Print the data below again in full, exactly as it stands, with no images.

*Dataset*.
= Beginning of Section =

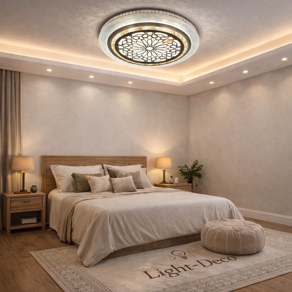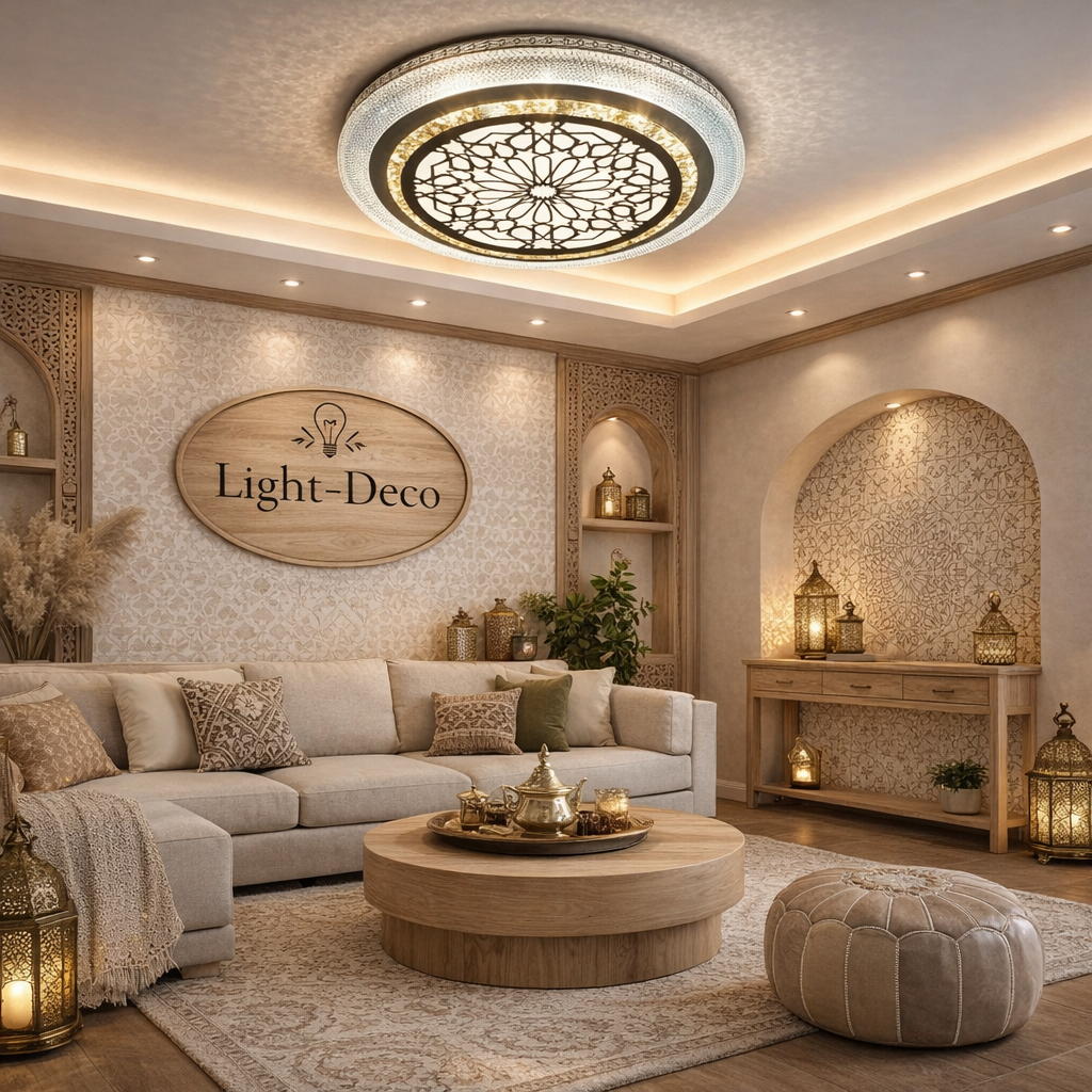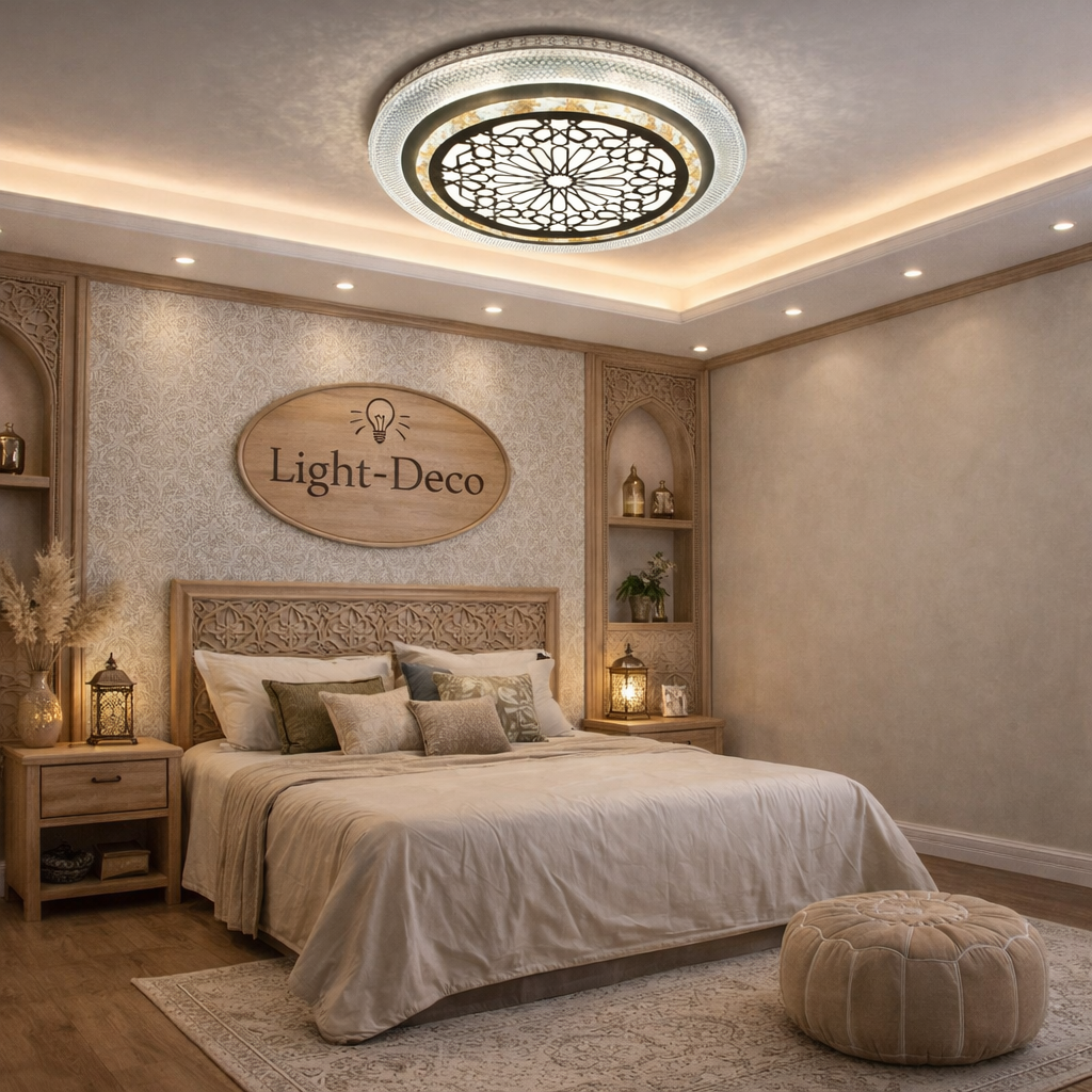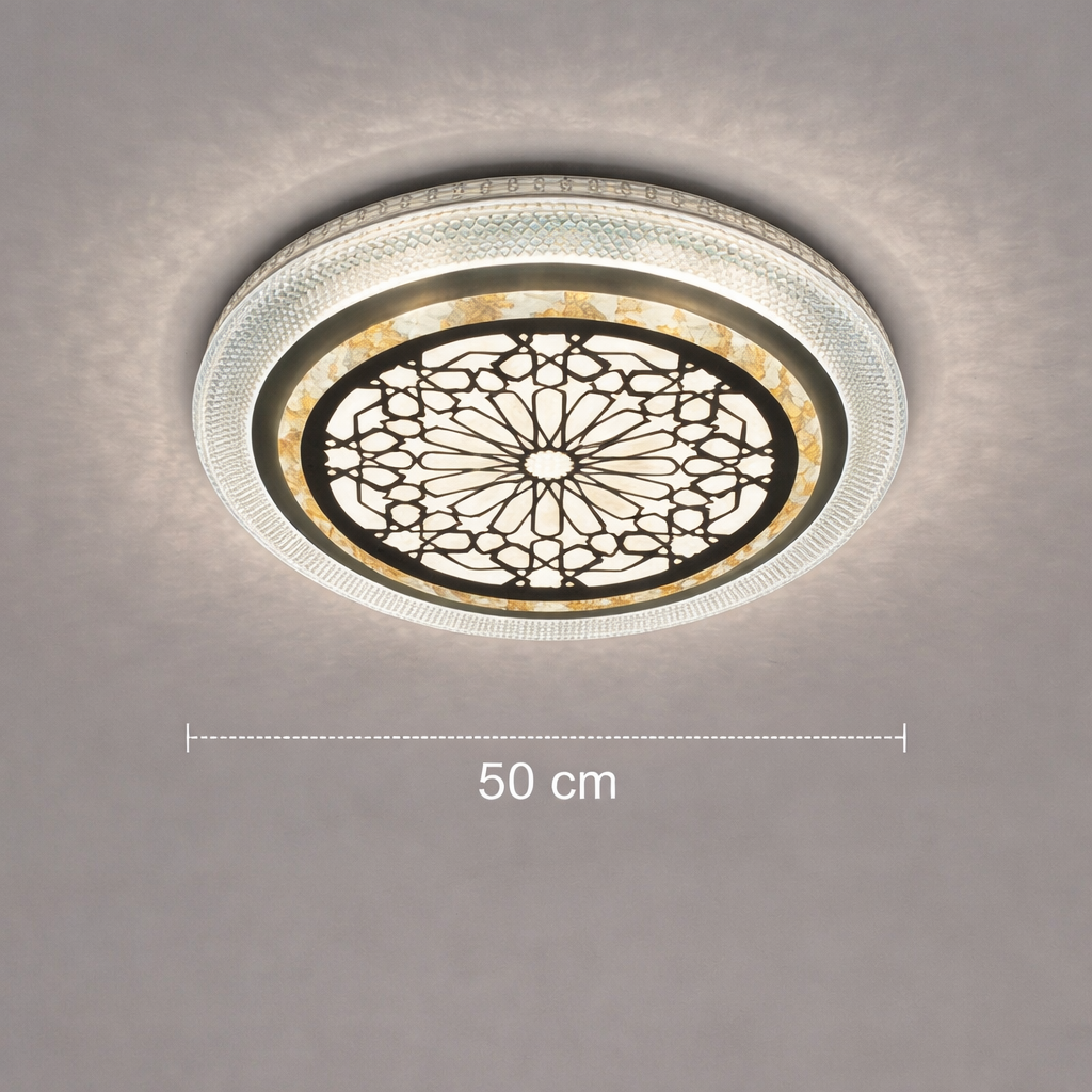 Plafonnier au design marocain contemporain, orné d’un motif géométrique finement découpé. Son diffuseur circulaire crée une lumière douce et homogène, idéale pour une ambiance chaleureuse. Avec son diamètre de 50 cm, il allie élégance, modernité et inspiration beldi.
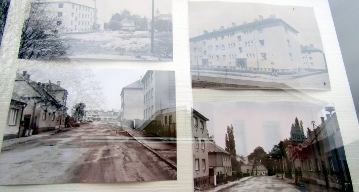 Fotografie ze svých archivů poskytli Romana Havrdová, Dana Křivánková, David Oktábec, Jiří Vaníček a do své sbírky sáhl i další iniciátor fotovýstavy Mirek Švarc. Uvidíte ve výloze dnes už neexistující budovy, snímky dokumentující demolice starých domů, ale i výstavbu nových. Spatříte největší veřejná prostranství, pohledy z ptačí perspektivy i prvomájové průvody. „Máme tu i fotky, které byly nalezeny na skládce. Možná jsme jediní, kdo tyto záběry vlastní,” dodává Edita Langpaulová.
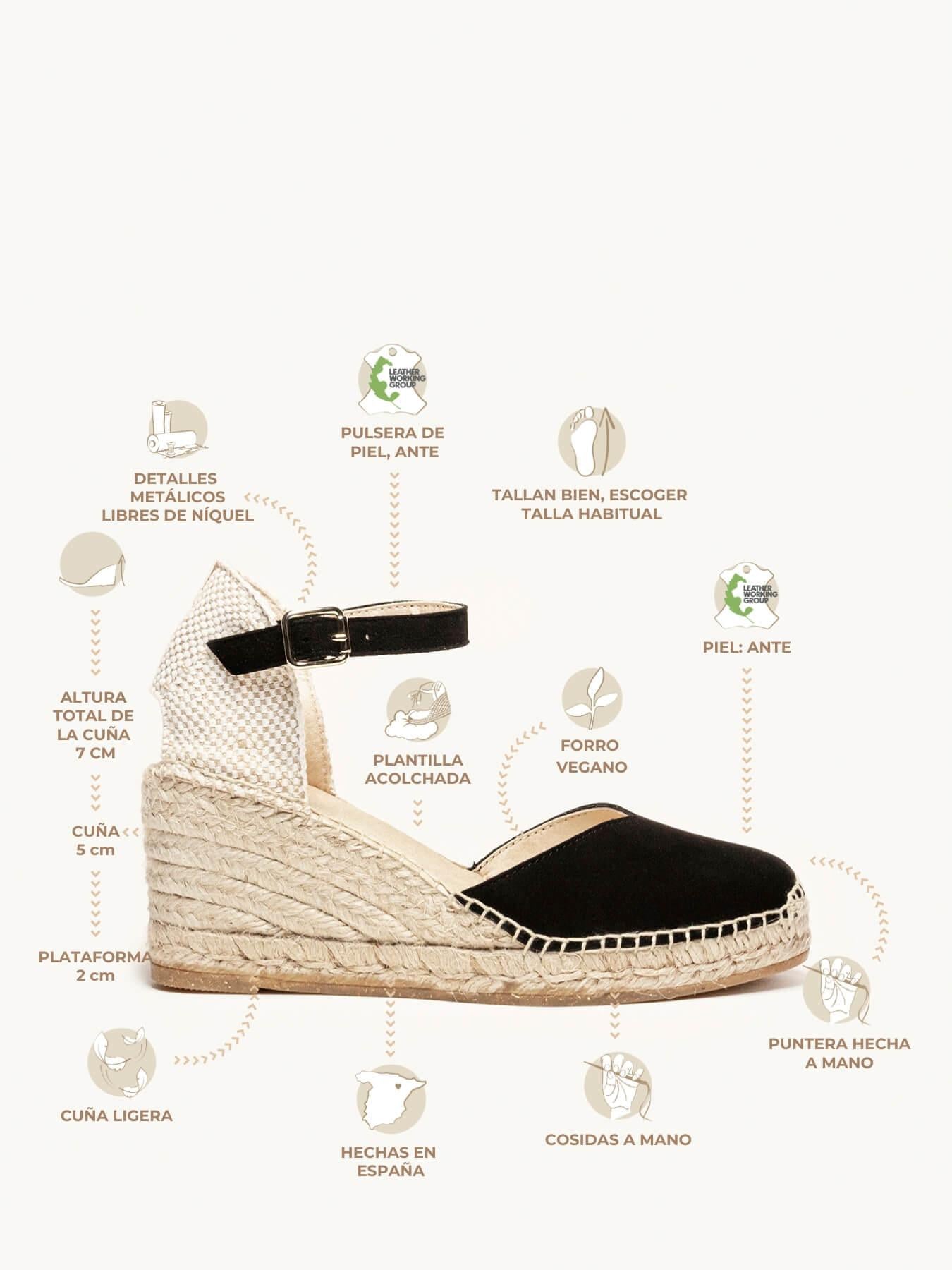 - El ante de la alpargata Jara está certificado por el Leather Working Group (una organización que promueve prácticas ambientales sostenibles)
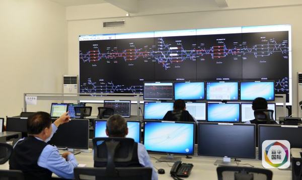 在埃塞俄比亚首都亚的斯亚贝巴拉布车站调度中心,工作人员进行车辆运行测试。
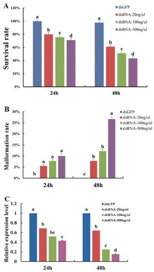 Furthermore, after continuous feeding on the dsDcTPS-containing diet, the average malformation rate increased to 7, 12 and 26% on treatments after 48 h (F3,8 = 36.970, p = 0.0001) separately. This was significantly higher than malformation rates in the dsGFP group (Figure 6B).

= End of Section =

*Problem solution*.
 Plafonnier au design marocain contemporain, orné d’un motif géométrique finement découpé. Son diffuseur circulaire crée une lumière douce et homogène, idéale pour une ambiance chaleureuse. Avec son diamètre de 50 cm, il allie élégance, modernité et inspiration beldi.
 Fotografie ze svých archivů poskytli Romana Havrdová, Dana Křivánková, David Oktábec, Jiří Vaníček a do své sbírky sáhl i další iniciátor fotovýstavy Mirek Švarc. Uvidíte ve výloze dnes už neexistující budovy, snímky dokumentující demolice starých domů, ale i výstavbu nových. Spatříte největší veřejná prostranství, pohledy z ptačí perspektivy i prvomájové průvody. „Máme tu i fotky, které byly nalezeny na skládce. Možná jsme jediní, kdo tyto záběry vlastní,” dodává Edita Langpaulová.
 - El ante de la alpargata Jara está certificado por el Leather Working Group (una organización que promueve prácticas ambientales sostenibles)
 在埃塞俄比亚首都亚的斯亚贝巴拉布车站调度中心,工作人员进行车辆运行测试。
 Furthermore, after continuous feeding on the dsDcTPS-containing diet, the average malformation rate increased to 7, 12 and 26% on treatments after 48 h (F3,8 = 36.970, p = 0.0001) separately. This was significantly higher than malformation rates in the dsGFP group (Figure 6B).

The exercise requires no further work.